Kansas City officials have another chance next month to fend off an attempt by Missouri lawmakers to force the city to spend more of its revenue on policing. 

But despite opposition from Kansas City leaders and activists, there’s no formal campaign against the ballot initiative, which was previously passed by Missouri voters but later tossed by the Missouri Supreme Court over deceptive ballot language.

Instead, opponents of the proposal will try to get the word out without “gigantic checks,” said KC Mayor Quinton Lucas.

“But I don’t pretend to think that will necessarily win the day,” Lucas said.

At issue is a question that will appear on Missouri voters’ Aug. 6 primary ballot as “Amendment 4.” It asks whether the Missouri Constitution should be amended to require Kansas City to spend at least 25% of its general revenue on policing, an increase of close to $39 million.

Missouri Gov. Mike Parson in June 2022 holds up a copy of a bill he had just signed to increase the KCPD budget during a ceremony at the department headquarters. (Photo courtesy of the Missouri Governor’s Office)

Missouri voters previously approved the spending hike with 63% of the vote in 2022. But the measure was unpopular with Kansas Citians. In the Jackson County portion of KC, more than 61% of voters rejected the amendment. It passed in Platte and Clay counties, which include suburban parts of KC.

Lucas sued the state’s auditor and secretary of state, saying a summary printed on voters’ ballots “materially misstated” the cost of the proposal. He prevailed, and the Missouri Supreme Court ordered the election results be tossed out and a new vote be held.

The police funding dispute stems from the KC City Council’s attempt in 2021 to impose some control over the KC Police Dept. budget.

For more than 80 years, the KCPD has been controlled not by the city council but by a board of commissioners appointed by Missouri’s governor. The only city in the state and one of few in the nation that doesn’t control its police, KC simply provides the funds for the department.

While the city was obligated between 1958 and 2022 to provide the funding requested by the board — up to 20% of the city’s general revenue — it has little control over how it is spent. 

The city has often exceeded its 20% obligation.

But following racial justice protests that took place in Kansas City — and across the nation — in 2020, city council members attempted to set aside $42 million in police funding above its obligatory spending for “community engagement, outreach, prevention, intervention and other public services.”

The move was criticized by Republicans in the Missouri General Assembly who voted to increase KC’s obligation to 25% of its revenue. 

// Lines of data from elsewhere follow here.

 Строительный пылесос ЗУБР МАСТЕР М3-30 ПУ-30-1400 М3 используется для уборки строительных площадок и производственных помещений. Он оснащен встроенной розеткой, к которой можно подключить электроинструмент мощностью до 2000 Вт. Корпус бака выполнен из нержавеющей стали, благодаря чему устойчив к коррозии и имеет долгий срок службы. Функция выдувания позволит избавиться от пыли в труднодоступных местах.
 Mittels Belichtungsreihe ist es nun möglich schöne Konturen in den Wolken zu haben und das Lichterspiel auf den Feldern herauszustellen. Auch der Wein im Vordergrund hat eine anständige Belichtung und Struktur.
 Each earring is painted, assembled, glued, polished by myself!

“Kansas City’s short-sighted move to defund the KCPD, if attempted again, will have lasting and dangerous consequences for our metro area,” state Sen. Tony Luetkemeyer said in a committee hearing in 2022, when the amendment was approved by lawmakers.

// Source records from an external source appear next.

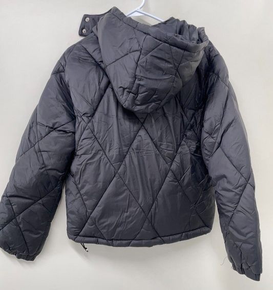 Pretty Little Thing Womens 8 Diamond Quilted Hooded Puffer Jacket Black Nylon
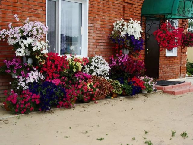 Podeu instal·lar un jardiner amb petúnies a prop de la porta. Decoraran perfectament l’entrada de la casa.
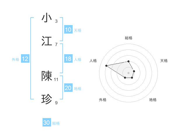 小江 陳珍さんの総格は30画の2点!
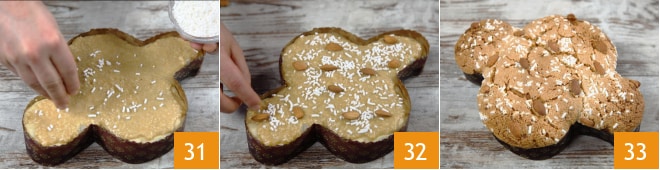 Garnissez avec du sucre en grains 31 et des amandes entières 32. Faites cuire dans un four statique préchauffé à 160°C pendant 50 minutes, puis couvrez avec une feuille d'aluminium et poursuivez la cuisson pendant encore 10 minutes. Sortez la colombe du four et laissez-la refroidir avant de la servir 33.
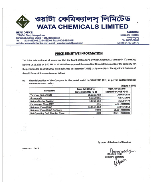 WATA CHEMICALS LTD- Q1 UNAUDITED FINANCIAL REPORT Thursday, 14th November 2019, 10:46 pm Post Views: ২,১৩৮
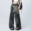 Feature: Lively, Refreshing, Mature, Novel, Blue Jeans, Star Jeans, Y2K Jeans, Denim Jeans, Wide Leg Jeans, Star Girl
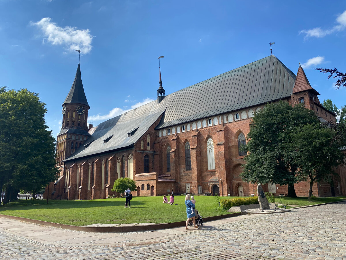 Далее идём на остров через медовый мост. Здесь две достопримечательности - красивый парк и недействующий Кафедральный собор (1380 г постройки) и очень много людей. Ещё это место называют островом Канта. Именно здесь расположена могила знаменитого философа (1724-1804) и его музей.

Luetkemeyer, who lives in the KC suburbs, carried the legislation in 2022 to increase the city’s police spending obligations. He did not return a request for comment.

The 2022 legislation passed the Missouri General Assembly on a largely party-line vote with Republicans supporting the increased police spending and Democrats opposing it. 

Lucas said voting no was the “only common sense solution.”

Residents of Kansas City, he said, should be the ones to determine the policy direction of the city by electing local representatives. He said one year the council may need to increase police salaries and the next it may need to spend money on other needs, like firefighting. 

“Who should tell you that, ‘No, you can’t actually take care of your firefighters; you can’t take care of the nurses in your public hospital because you have to live by whatever Jefferson City is doing just for pure political pandering?’” Lucas said. 

Lora McDonald, executive director of the Metro Organization for Racial and Economic Equity, or MORE2, called the attempt by state lawmakers to force KC to spend 25% of its revenue on policing “a political ploy.”

“Why do you care what our police department has or doesn’t have?” McDonald said. “It’s not your business. It’s not your money.”

Lucas said there was “no organized campaign” to persuade voters to reject the amendment.

Last month, the Missouri Supreme Court allowed the issue to go on the August ballot rather than the November one, giving supporters and opponents just over two months to mobilize voters.

According to Missouri Ethics Commission records, no spending committees have been organized to advocate for or against Amendment 4, and no independent groups have spent money in the race.